Plasma Neurofilament Light Chain Is Elevated in Adaptor Protein Complex 4-Related Hereditary Spastic Paraplegia.

机构信息

Department of Neurology and F.M. Kirby Neurobiology Center, Boston Children's Hospital, Harvard Medical School, Boston, Massachusetts, USA.

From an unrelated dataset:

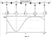 Параметру К=0, что наблюдается при d+r=с, соответствует геометрически симметричный режим (фиг.3), при котором механизм генерирует гармоническую вибрационную силу, лотки за один оборот диска совершают два равноамплитудных колебания и транспортирование материала отсутствует. В этом режиме на графике зависимости перемещения лотка по горизонтальной оси от угла поворота пальца (продемонстрированы два колебания, совершаемые за один оборот диска и при которых верхняя точка штока будет попеременно находиться в крайнем верхнем и нижнем положениях на равном расстоянии над и под горизонтальной осью, проходящей через точки крепления тяг к стойкам (ось O-O на фигурах 2-7).
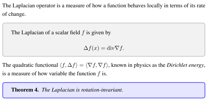 ), which is shown to be a rotation-invariant operator (Theorem 4), making it a natural choice for defining operations on geometric domains.

Friedrich-Alexander-University Erlangen-Nuremberg, Erlangen, Germany.

出版信息

Mov Disord. 2023 Sep;38(9):1742-1750. doi: 10.1002/mds.29524. Epub 2023 Jul 22.

Abstract

BACKGROUND

Adaptor protein complex 4-associated hereditary spastic paraplegia (AP-4-HSP) is caused by pathogenic biallelic variants in AP4B1, AP4M1, AP4E1, and AP4S1.

OBJECTIVE

The aim was to explore blood markers of neuroaxonal damage in AP-4-HSP.

METHODS

Plasma neurofilament light chain (pNfL) and glial fibrillary acidic protein (GFAP) levels were measured in samples from patients and age- and sex-matched controls (NfL: n = 46 vs. n = 46; GFAP: n = 14 vs. n = 21) using single-molecule array assays. Patients' phenotypes were systematically assessed using the AP-4-HSP natural history study questionnaires, the Spastic Paraplegia Rating Scale, and the SPATAX disability score.

RESULTS

pNfL levels increased in AP-4-HSP patients, allowing differentiation from controls (Mann-Whitney U test: P = 3.0e-10; area under the curve = 0.87 with a 95% confidence interval of 0.80-0.94). Phenotypic cluster analyses revealed a subgroup of individuals with severe generalized-onset seizures and developmental stagnation, who showed differentially higher pNfL levels (Mann-Whitney U test between two identified clusters: P = 2.5e-6). Plasma GFAP levels were unchanged in patients with AP-4-HSP.

CONCLUSIONS

pNfL is a potential disease marker in AP-4-HSP and can help differentiate between phenotypic subgroups. © 2023 International Parkinson and Movement Disorder Society.

摘要

背景

衔接蛋白复合物 4 相关遗传性痉挛性截瘫(AP-4-HSP)是由 AP4B1、AP4M1、AP4E1 和 AP4S1 的双等位基因致病性变异引起的。

目的

旨在探讨 AP-4-HSP 中神经轴突损伤的血液标志物。

方法

使用单分子阵列分析,在患者和年龄及性别匹配的对照组样本中测量血浆神经丝轻链(pNfL)和神经胶质纤维酸性蛋白(GFAP)水平(NfL:n=46 与 n=46;GFAP:n=14 与 n=21)。使用 AP-4-HSP 自然史研究问卷、痉挛性截瘫评分和 SPATAX 残疾评分对患者的表型进行系统评估。

结果

AP-4-HSP 患者的 pNfL 水平升高,可与对照组区分(Mann-Whitney U 检验:P=3.0e-10;曲线下面积=0.87,95%置信区间为 0.80-0.94)。表型聚类分析显示,有一组严重的全身性发作性癫痫和发育停滞的个体,其 pNfL 水平差异更高(两个确定的聚类之间的 Mann-Whitney U 检验:P=2.5e-6)。AP-4-HSP 患者的血浆 GFAP 水平不变。

结论

pNfL 是 AP-4-HSP 的潜在疾病标志物,可帮助区分表型亚组。